Learn how to make Korean Beef Bibimbap the easy way! It’s a wonderful flavors of rice, seasoned meat, vibrantly cooked vegetables and the distinctly Korean seasoning and spices.
Korean Beef Bibimbap
- 300 gms Beef Tenderloin cut into slices
- 2 tsp Garlic chopped finely
- 2 tsp Sesame Oil
- 1 tbsp Soy Sauce
- 1 tbsp Sugar
- 1 tbsp Rice Vinegar
- 1/4 cup Gochujang
- 2 tbsp Water
- 1 tbsp Sugar
- 1 tsp Sesame Oil
- 3 tbsp Vegetable Oil
- 250 grams Shiitake Mushrooms cut into slices
- 1 tsp Garlic chopped finely
- 1 tsp Sesame Oil
- 1 medium Carrot cut into thin strips
- 1 medium Zucchini cut into thin strips
- 1 bunch Spinach
- 1 1/2 cups Soybean Sprouts
- Salt & Pepper to taste
For Finishing and Garnish
- 2 Dolsot
- 2 medium Eggs pan-fried
- 4-6 cups Cooked Rice 2-3 cups for each Dolsot
- 2 tsp Sesame Seeds toasted
- Combine beef with sesame oil, rice vinegar, garlic, soy sauce and sugar in a mixing bowl. Cover and marinate in the fridge for 30 minutes – 1 hour.
- Prepare the gojuchang sauce by mixing everything in a small bowl. The sauce should not be too runny. Set it aside.
- Prepare a big plate where you can place all the cooked vegetables.
- Using a frying pan or wok. Heat oil over medium heat. Add the shiitake mushrooms and garlic. Season with salt and pepper. Continue to cook until the mushrooms are tender. Transfer to a plate once cooked.
- Add a little bit of oil to the pan. Add the carrots and a bit of water, it will help the carrots to cook faster. Season with salt and pepper. Cook until under and transfer to the plate.
- When the pan is getting dry, always add a bit of oil. Add the zucchini and season with salt and pepper. Cook until tender and transfer to the plate.
- Add oil again to the pan. Add the soybean sprouts and a little bit of water. Season with salt and pepper. Once the bean sprouts are cooked, transfer to a plate.
- Last is the spinach. Sauté the spinach just for few seconds or about a minute, you want to keep that vibrant color. Transfer it to a plate. Keep in a warm place.

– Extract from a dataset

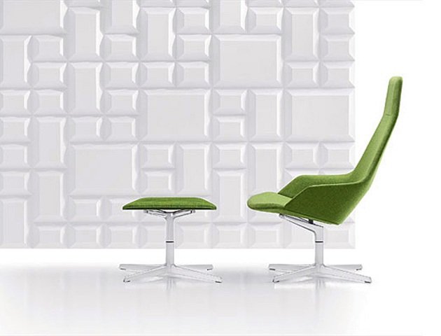 De Aston Lounge is de ideale fauteuil Ontworpen door Jean-Marie Massaud voor Arper. Er is ook een bijpassende voetenbank in de collectie opgenomen.

- Add oil to the pan again. Put the beef and cook until cooked through, probably about 2-3 minutes. Transfer to a plate. Keep in warm place.
- Using a small frying pan, fry the eggs until crispy-edged egg white and slightly runny egg yolk. You want that yolk to burst when you mix it into the bibimbap. Transfer to a plate.

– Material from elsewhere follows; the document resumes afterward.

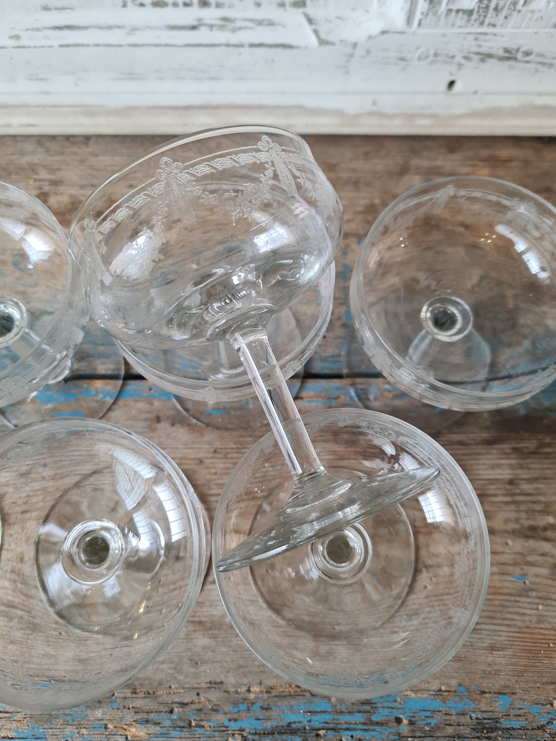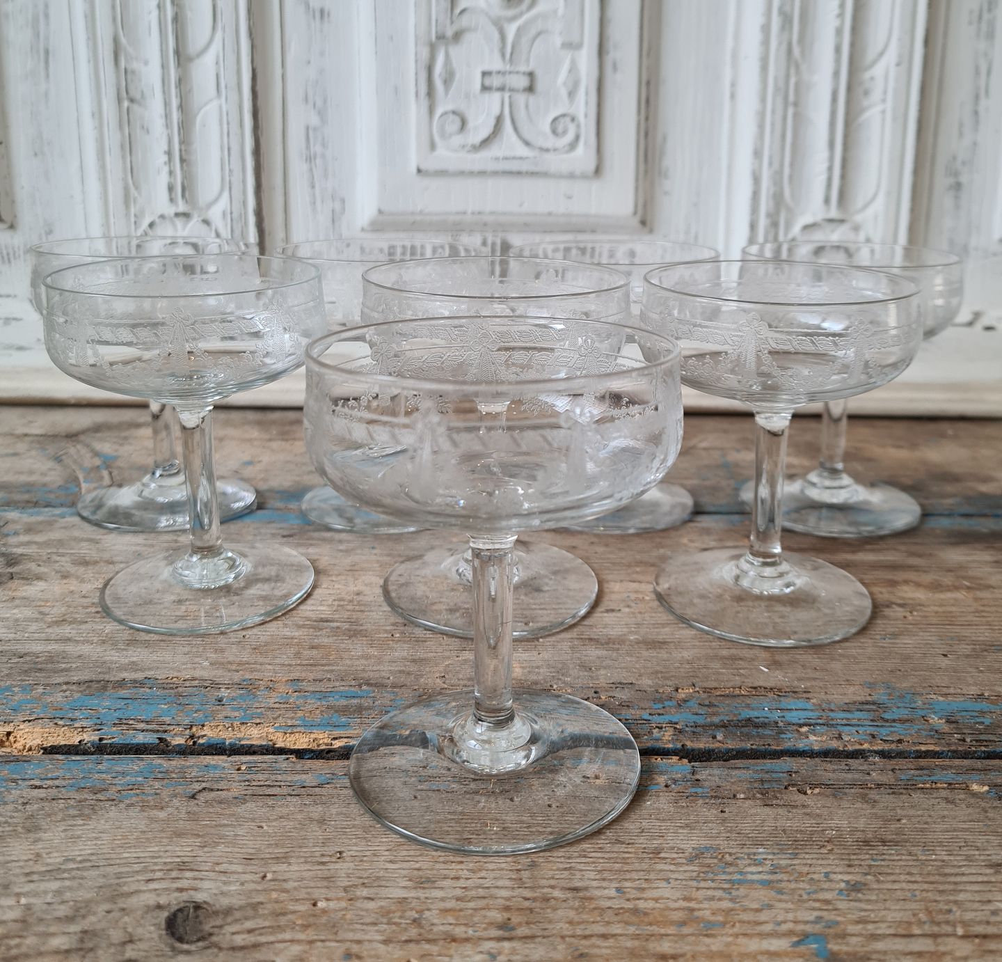 Sæt på 8 franske champagneskåle med smuk ætset dekoration.

- Heat up the rice and divide into 2 Dolsot. Arrange the cooked vegetables and beef on top of the rice. Add the egg in the middle. Top it with gochujang sauce and some sesame seeds. Serve while warm. Mix it all up and enjoy!
- A dolsot is Korean stone bowl , suitable for one to two servings of bap (cooked rice.
- Gochujang is a red chili paste that is known distinctly for its Korean spices.
- Make sure to fry eggs until crispy-edged egg white and slightly runny egg yolk. The yolk should burst when mixing into the bibimbap.
- In traditional Bibimbap recipes, they blanch the Spinach. Since this is easier method, I decided to sauté the spinach to make it faster.
- Always consider in getting the freshest ingredients when making Bibimbap, this will give you the most wonderful flavors in one bowl when everything is mixed.
Bibimbap is one of my favorite dishes. It’s very comforting and the Korean spices and seasoning blends harmoniously in your mouth. Also, if you’re a vegetarian, you can remove the meat and you can enjoy this scrumptious dish!
2 thoughts on “Korean Beef Bibimbap”
I’ll definitely try this at home! Thanks, Chef for the delish recipe 😀
Thanks For Sharing this amazing recipe. My family loved it. I will be sharing this recipe with my friends. Hope the will like it.